In some circumstances, you may not meet the requirements for a typical 1031 exchange. Depending on the situation, you may perform a reverse 1031 exchange transaction to defer capital gains taxation on your investments. Read on to discover how it works.
You’ve decided you want to do a 1031 exchange to defer capital gains on your property sale. However, your replacement property is closing before you can sell your relinquished property. You can’t buy the new property in your name, or it won’t qualify for an exchange with your current property. What are you going to do? For these cases, you can still do the 1031 exchange, but it is considered a reverse 1031 exchange. A reverse 1031 exchange transaction allows you first to purchase the new investment property, and then sell your existing investment.
In a reverse exchange, a Qualified Intermediary (QI) takes title to the property that the individual wishes to purchase in an LLC (formed solely for this exchange) until the existing investment property sells. The LLC, in this case, is also known as an Exchange Accommodation Titleholder (EAT). The reverse exchange must be completed within 180 days. The 180-day clock starts on the date the QI purchases the replacement property for the taxpayer. Midland 1031 would then “park” the property in the LLC until you close on the sale of your current property. Within the 45 days of purchasing the parked property, an identification form must be completed identifying the relinquished property or properties that are to be sold. Once you close on your sale, we assign full membership in the LLC with the parked property over to you, making you the property owner.
How does a reverse 1031 exchange transaction work?
- You go under contract for the property you wish to purchase. Make sure that the contract is assignable because the title will be going in the LLC.
- Next, forward Midland 1031 a copy of the purchase contract and the title company’s or attorney’s contact information. If there is a mortgage on the property, we will need to know the lender’s contact details. You will need to notify the lenders immediately to let them know you’re doing a 1031 exchange. The loan documents will need to be in the name of the LLC established for the exchange.

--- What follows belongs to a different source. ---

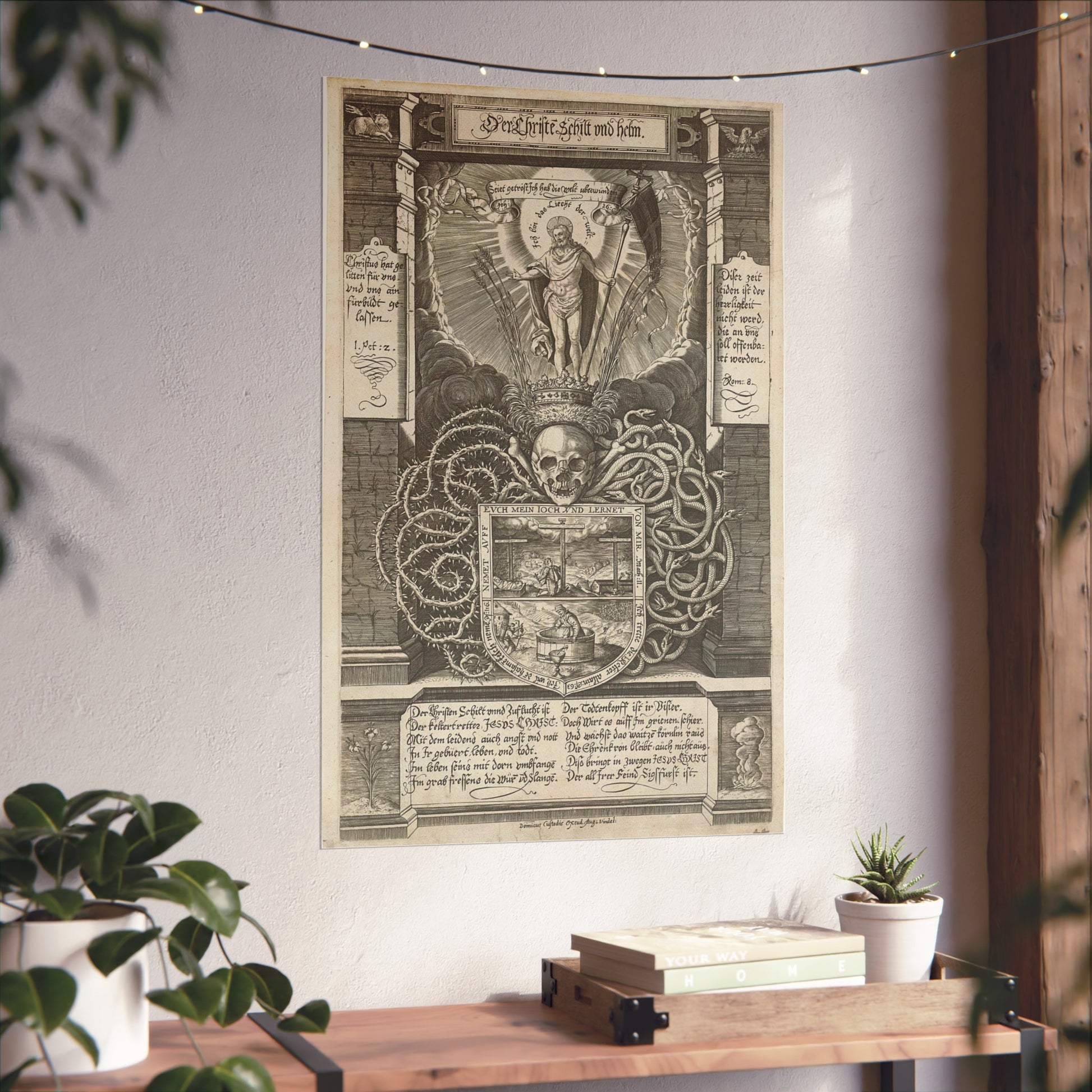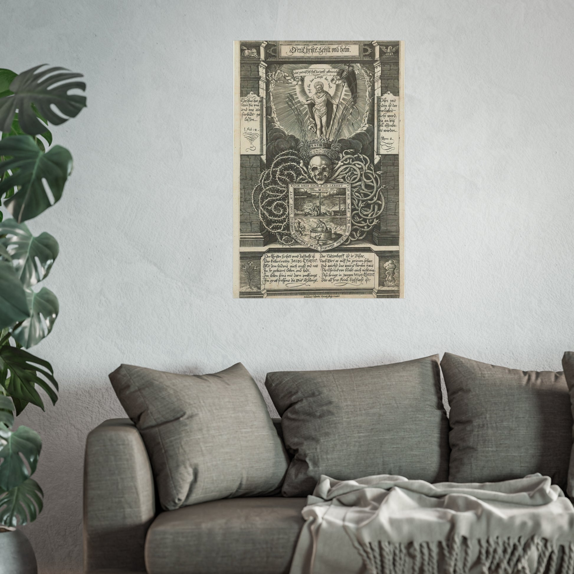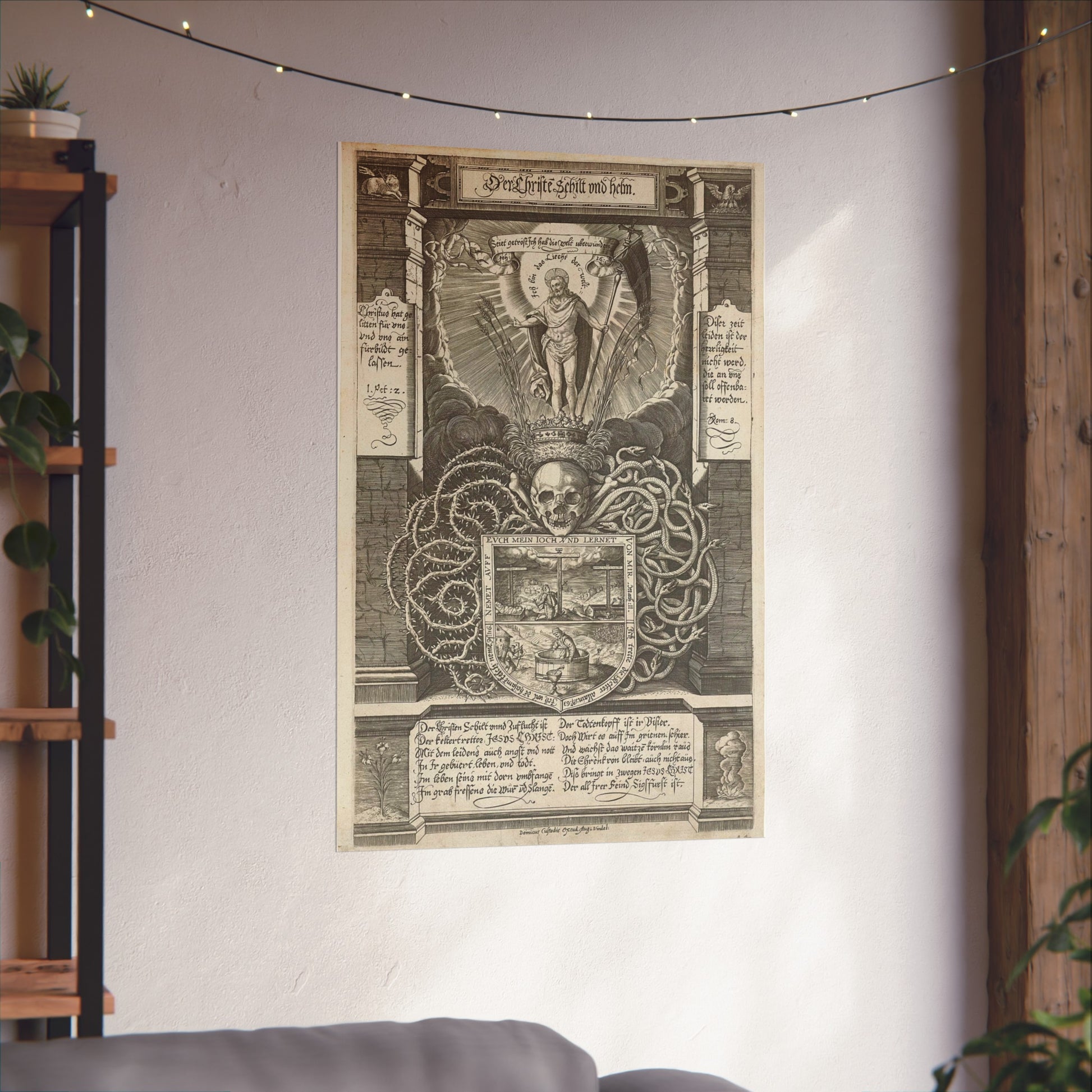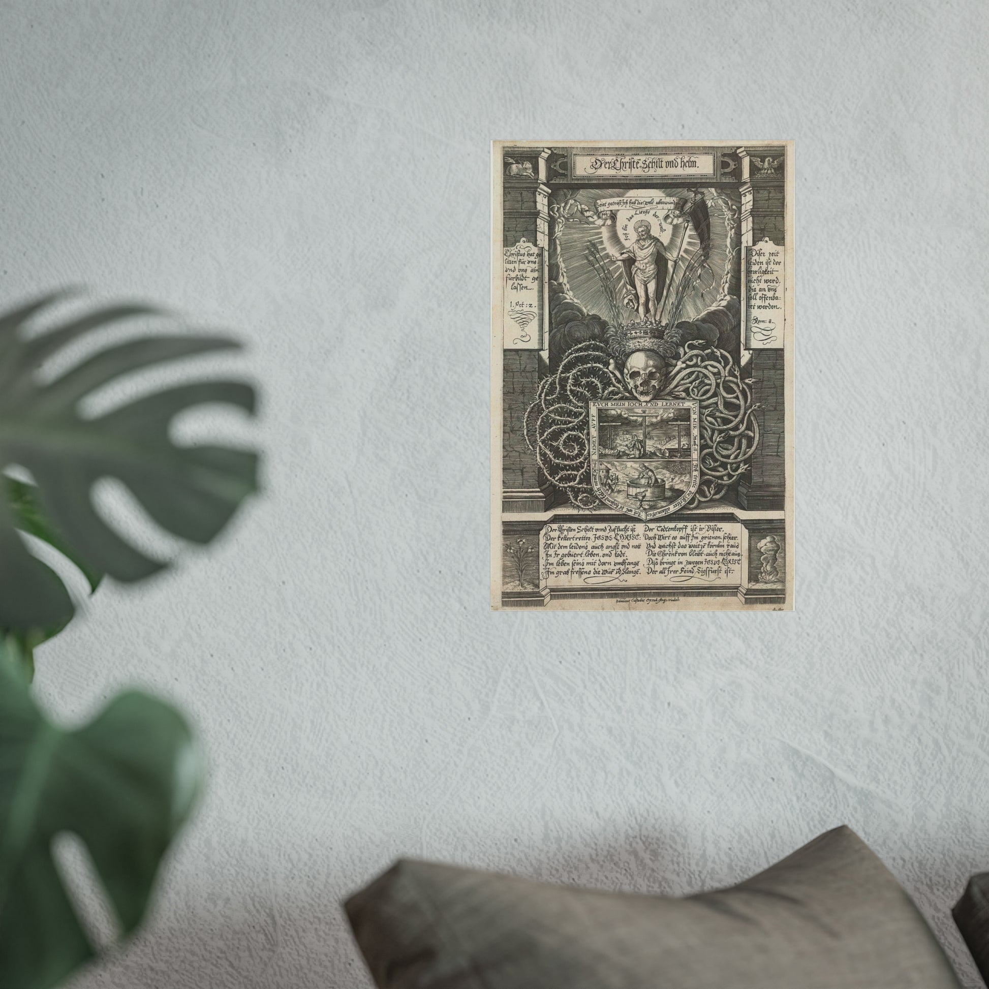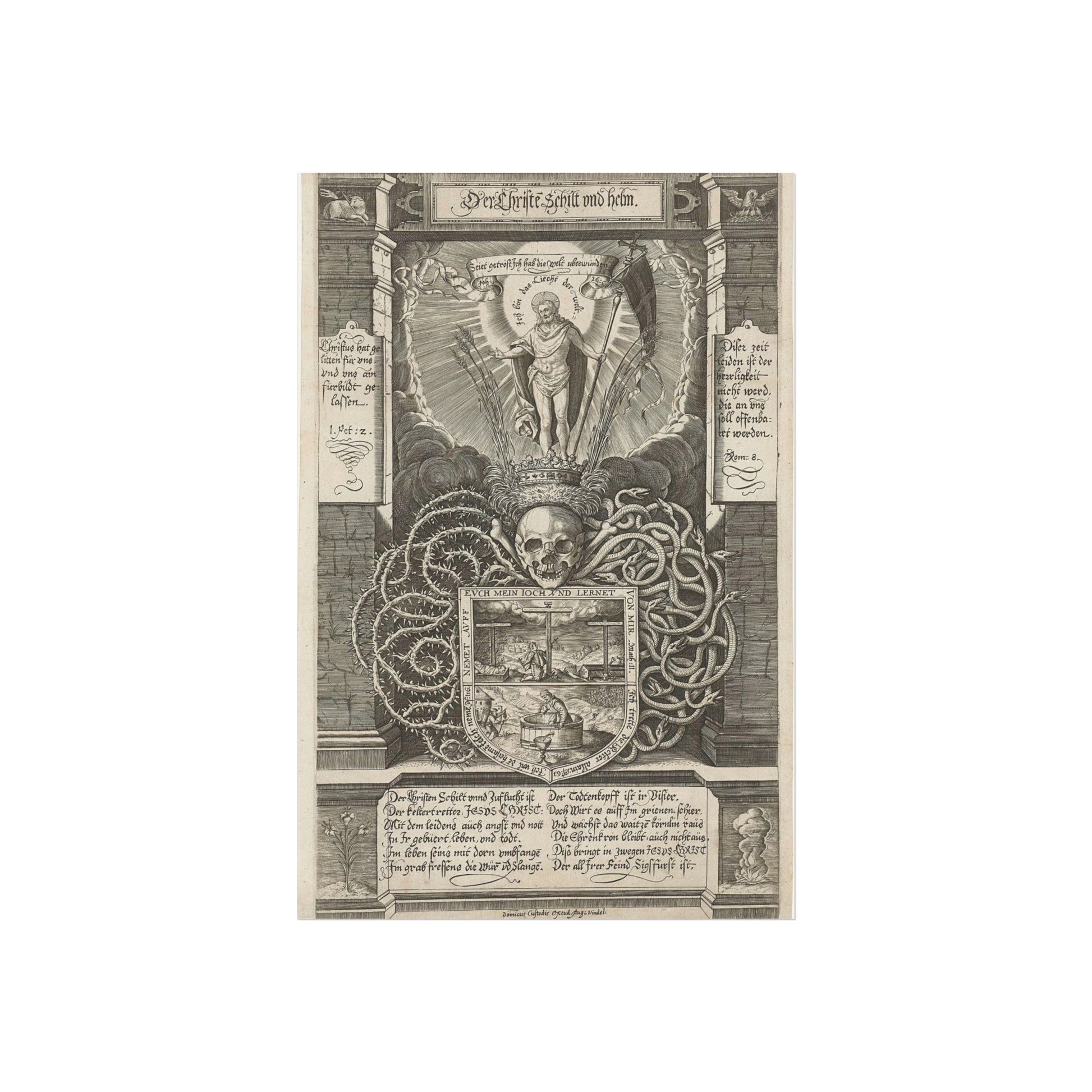 This captivating artwork portrays Christ, symbolizing the light of the world, standing on a crown adorned with ears of corn, which conceals a skull. Beneath the skull are branches of thorns and serpents, adding an element of danger and mystery. At the center of the piece, a shield bearing the image of three crosses and a man inside a wine barrel draws the viewer's attention. Accompanying explanatory texts add depth to the narrative.

- Then, Midland 1031 sets up the LLC that will take title to the property. We will provide closing instructions to the title company or attorney handling the closing.
- You must then identify all potential sales for the exchange to your QI within the first 45 days of the 180 days.
- Once you are under contract to sell your original property, Midland 1031 draws up the transaction documents on your sale. We then forward closing instructions to the title company handling the closing.
- You would proceed with the closing, and the title company would wire the proceeds directly to us. We would then use the proceeds to pay down any loans on your new property. If there is no financing on the new property, the proceeds would be disbursed to you.
- Once you close on your sale, we assign full membership in the LLC to you. You will now be the owner of the new property.
Before you start…
Before you do any 1031 exchange, you must notify your qualified intermediary before you close on any properties. One of the Certified Exchange Specialists (CES®) at Midland 1031 will guide you through every step of the exchange to ensure that the exchange is done properly.